An Excerpt from Margaret Bauer's paper 
"When a Convent Seems the Only Viable Choice: Questionable Callings
in Stories by Alice Dunbar-Nelson, Alice Walker, and Louise Erdrich"


In her 1899 collection of short stories, "The Goodness of St. Rocque" and Other Stories, Alice Dunbar-Nelson included the story "Sister Josepha," one of very few of her writings that deals with particularly African-American concerns. In the second half of the twentieth century, one of Dunbar-Nelson's literary "granddaughters," Alice Walker, included a remarkably similar story, "Diary of an African Nun," in her collection of short stories, In Love and Trouble. Recognition of the parallels between these two stories highlights the subtleties of each. For example, while Dunbar-Nelson can only allude--and very vaguely--to the mixed blood which contributes to the dilemma of her protagonist, for she might otherwise offend her white readers by suggesting blame, Walker distances her protagonist's dilemma from her American readers by setting her story in Africa. In spite of writing almost a century later, Walker knew that race relations in America had not changed significantly. Indeed, she wrote this story at the end of the Civil Rights Movement, a period of American history even more turbulent than the post-Reconstruction period in which Dunbar-Nelson wrote. On the other hand, Walker does apparently perceive herself freer than Dunbar-Nelson was to examine closely the origin of her protagonist's conflict.

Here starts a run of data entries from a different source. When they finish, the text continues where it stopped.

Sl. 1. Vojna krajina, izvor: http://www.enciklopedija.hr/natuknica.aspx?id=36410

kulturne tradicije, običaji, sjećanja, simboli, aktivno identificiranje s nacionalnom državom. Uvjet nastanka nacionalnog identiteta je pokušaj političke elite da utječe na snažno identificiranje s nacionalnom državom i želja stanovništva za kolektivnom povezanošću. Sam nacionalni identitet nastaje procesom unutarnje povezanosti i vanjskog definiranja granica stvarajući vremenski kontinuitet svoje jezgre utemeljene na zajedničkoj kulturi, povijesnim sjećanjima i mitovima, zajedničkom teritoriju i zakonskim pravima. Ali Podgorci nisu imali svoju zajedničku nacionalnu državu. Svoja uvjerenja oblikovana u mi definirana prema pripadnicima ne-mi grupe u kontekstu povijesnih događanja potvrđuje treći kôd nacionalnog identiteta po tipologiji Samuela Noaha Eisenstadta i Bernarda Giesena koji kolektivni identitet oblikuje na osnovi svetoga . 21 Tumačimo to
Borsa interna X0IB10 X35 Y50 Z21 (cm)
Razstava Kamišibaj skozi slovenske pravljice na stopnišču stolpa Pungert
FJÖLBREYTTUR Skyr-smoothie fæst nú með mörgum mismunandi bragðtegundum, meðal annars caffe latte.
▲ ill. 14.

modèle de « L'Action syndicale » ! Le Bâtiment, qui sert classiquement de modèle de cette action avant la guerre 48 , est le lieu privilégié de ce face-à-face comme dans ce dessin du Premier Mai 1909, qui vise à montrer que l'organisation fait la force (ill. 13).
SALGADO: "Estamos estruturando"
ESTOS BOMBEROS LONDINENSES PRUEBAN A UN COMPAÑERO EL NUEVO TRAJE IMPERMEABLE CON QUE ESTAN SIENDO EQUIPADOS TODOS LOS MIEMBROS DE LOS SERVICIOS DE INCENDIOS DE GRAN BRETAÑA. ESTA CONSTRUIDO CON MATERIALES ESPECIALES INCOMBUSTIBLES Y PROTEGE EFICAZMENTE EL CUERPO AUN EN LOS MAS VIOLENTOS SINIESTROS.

In her story, Dunbar-Nelson merely presents a vague depiction of one woman's conflict of identity, which led to her decision to become a nun. In Walker's, the author delves deeper into her character's consciousness as the African nun examines the effects of the encroaching European influence on her life, which is limited now by her decision to become a nun, and upon her people, who are being coerced into abandoning their own religions in favor of Christianity, the dominant religion of the Western world. Turning from these two stories to Native-American writer Louise Erdrich's "Saint Marie," one can see that this autonomous chapter of the composite novel Love Medicine deals with the same issues regarding a kind of compulsory conversion to Christianity developed in the earlier two stories. In contrast to Dunbar-Nelson, Erdrich tells her story from the perspective of a character who, like Walker's African nun, analyzes the source of her "calling." In contrast to Walker, however, Erdrich does not soften her criticism of the treatment of her people through distancing her story or her character's conflict from this country.